- **INSTRUCTIONS TO FOLLOW**:
For this exercise, return only the lines in the records below from the one holding "El intendente Carlos" through the one holding "alcohol gel. Coronavirus", including both, exactly as they appear and without pictures.

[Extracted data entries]
►
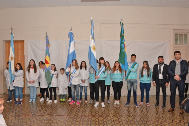 El intendente Ezequiel Galli, acompañado por la toda la comunidad educativa y funcionarios municipales y de educación, encabezó el acto que se realizó en la mañana de este lunes en el establecimiento.
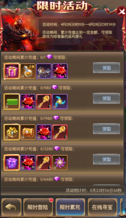 活动简介:活动期间,累计充值达到一定金额,可领取游戏为你准备的返利豪礼
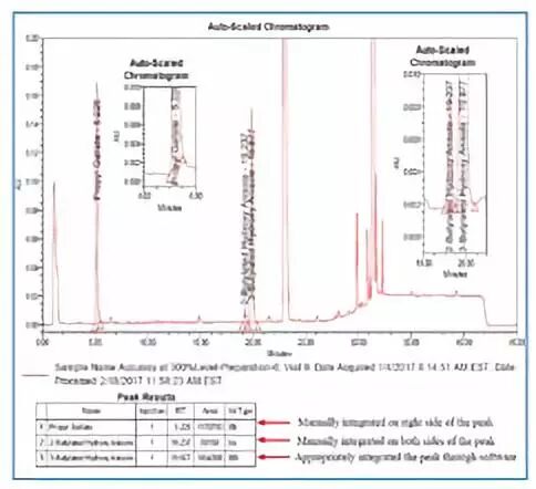 尽可能避免手动积分:(参考图4-7 手动积分管理案例) ✔有SOP规定 ✔通过权限控制(主管批准,在台账中记录) ✔预先规定可以手动积分的情况 ✔持续出现不好的色谱峰或基线,应采取措施改进系统或方法(确保数据的持续性和可靠性) 图4典型的自动和手动积分 图5 适当比例,清晰基线和积分,单个完整峰的典型图谱 图6 比例不恰当,基线和积分不清晰的典型图谱 图7比例恰当,能看到没有积分的峰和消减过的峰 发现了可能的篡改
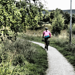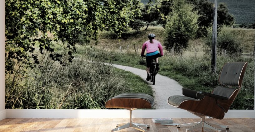 I took this photo during a lovely summer nature walk through the Scottish Highlands. Features a person wearing a bright jacket riding a bicycle along a winding path through lush greenery. The landscape is peaceful, with tall grasses and Birch trees providing a serene natural backdrop. The distant hills add depth to the scene, enhancing the tranquil atmosphere.
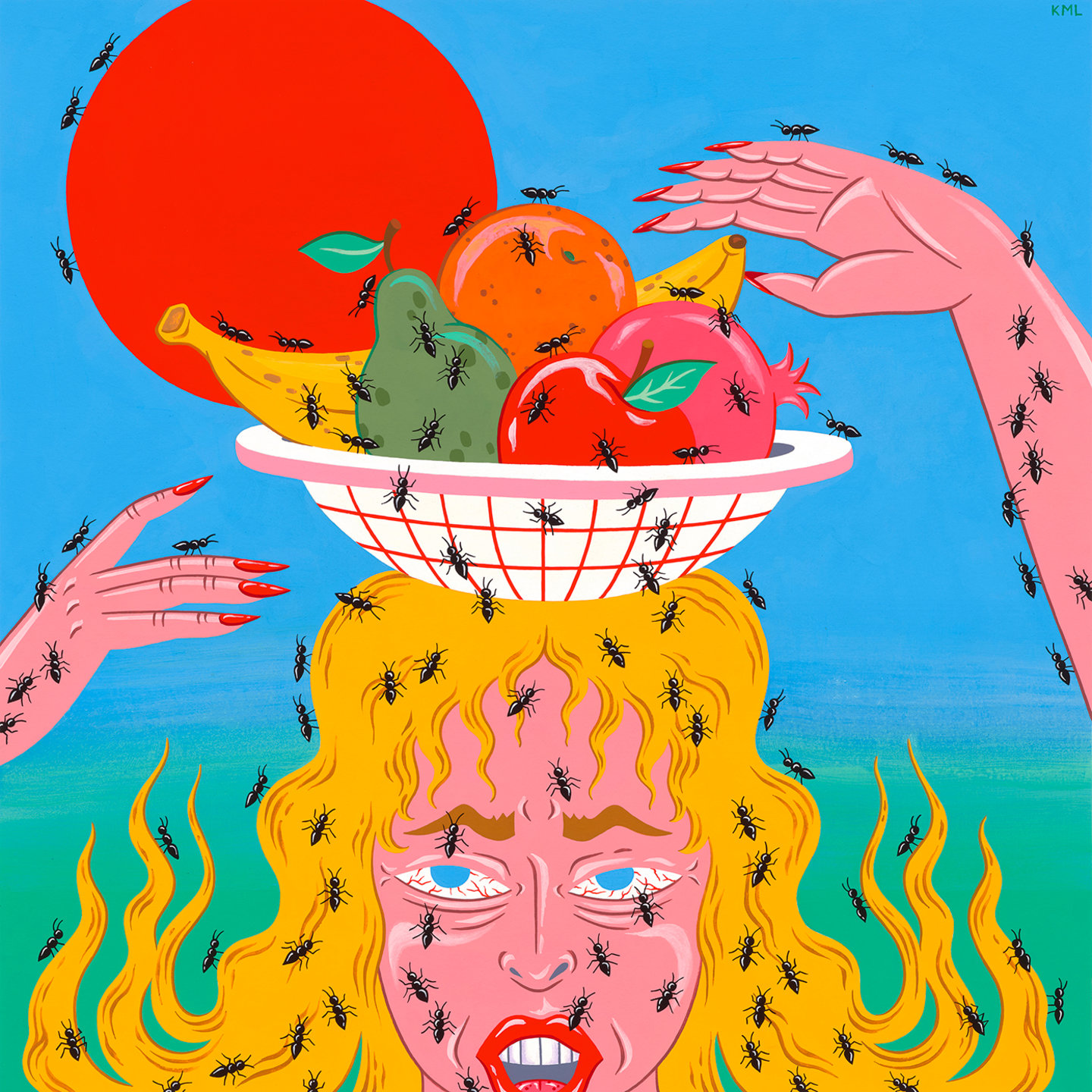 acrylic and acrylic gouache on watercolor paper, 19" x 19" image size
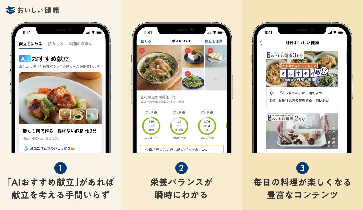 AI による献立・栄養管理支援アプリ『おいしい健康』は、健康な方やダイエット、生活習慣病予備群といった「予防・自己実現のための食事」から、患者や妊婦・高齢者など「医療上の制限がある方の食事」まで、エビデンスに基づく食事管理を、毎日の家庭でおいしく手軽に実践できるよう、サポートいたします。『おいしい健康』では、難しい食事管理をどなたでも簡単に行えるように、一般的なレシピアプリのような使い勝手で実現。個々のユーザーに適した栄養バランスに加え、冷蔵庫の食材や好きな食べもの、料理の腕前や調理時間に合わせた献立を提案する「究極の食のパーソナライズ」を実現し、予防や疾患治療の支援、ひいては「食とデータによる医療費抑制とQOL 向上の両立」という社会課題解決を目指します。
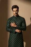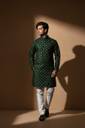 Nirwear creation Men Printed Cotton Blend Straight Kurta (Green)
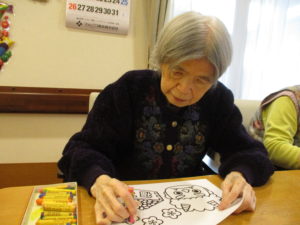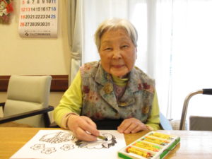 今日の、レクレーション活動は塗り絵をしましたよ~✎
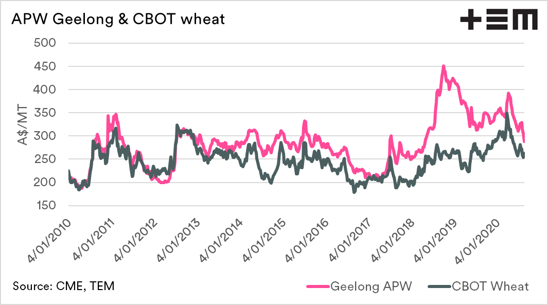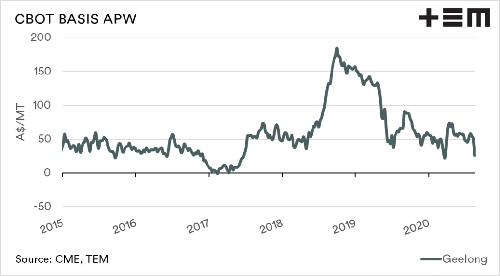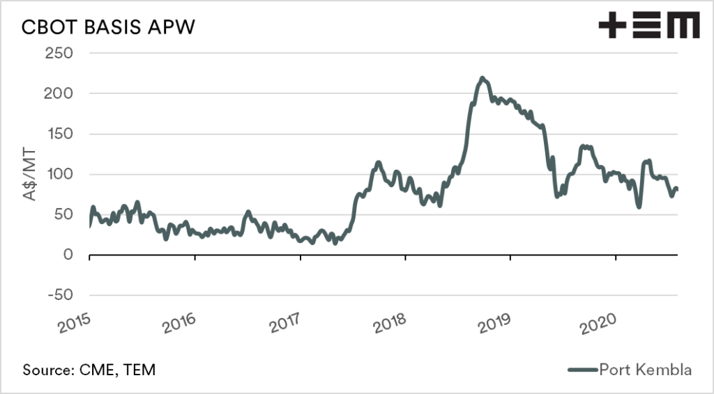 In general, in Australia, basis is a comparison of against CBOT soft red winter wheat (in A$/MT). Although whether CBOT is the relevant indicator is a discussion for another day.
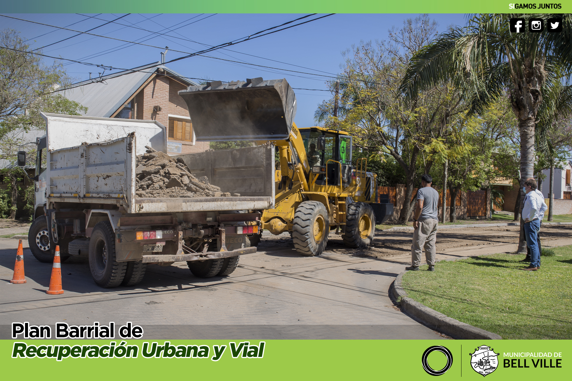 El intendente Carlos Briner y el secretario de Coordinación de Gabinete, Ernesto Borrageros, estuvieron presentes esta mañana en la remoción del asfalto en calle Roldán.
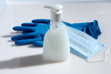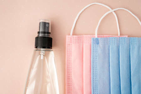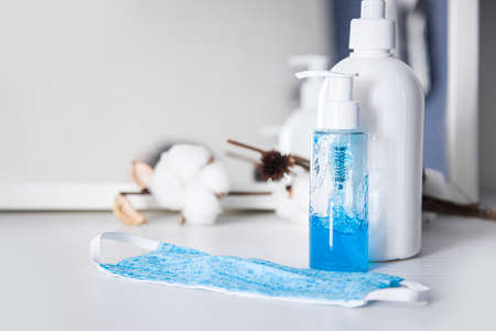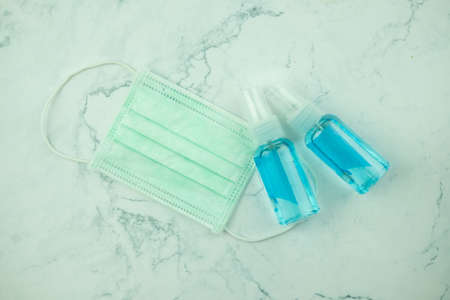 alcohol gel. Coronavirus prevention medical surgical masks and hand sanitizer gel for hygiene corona virus protection.
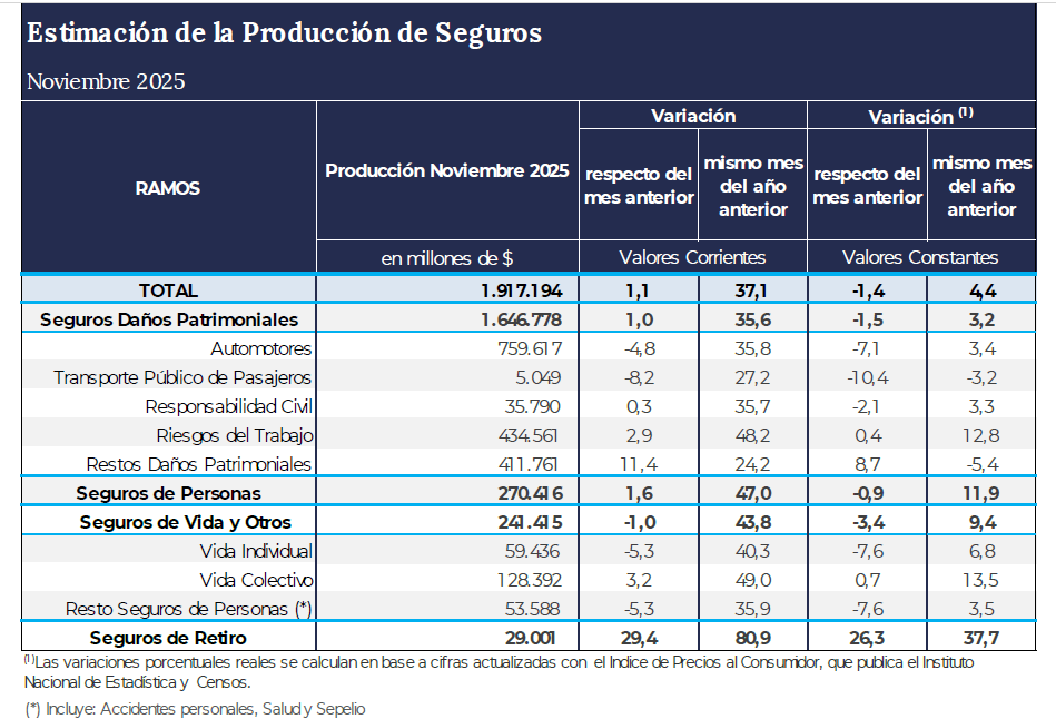 De acuerdo con una reciente circular de la Superintendencia de Seguros de la Nación (SSN), las ventas del mercado asegurador durante noviembre de 2025 alcanzaron los 1.917,2 miles de millones de pesos. De esta manera, a valores corrientes, la producción creció un 37,1% respecto de noviembre de 2024. En tanto, a valores constantes, el avance respecto del mismo mes del año anterior fue del 4,4%, pero retrocedió un 1,4% en la comparación intermensual.
◄
- **ANSWER AREA**:
 El intendente Carlos Briner y el secretario de Coordinación de Gabinete, Ernesto Borrageros, estuvieron presentes esta mañana en la remoción del asfalto en calle Roldán.
 alcohol gel. Coronavirus prevention medical surgical masks and hand sanitizer gel for hygiene corona virus protection.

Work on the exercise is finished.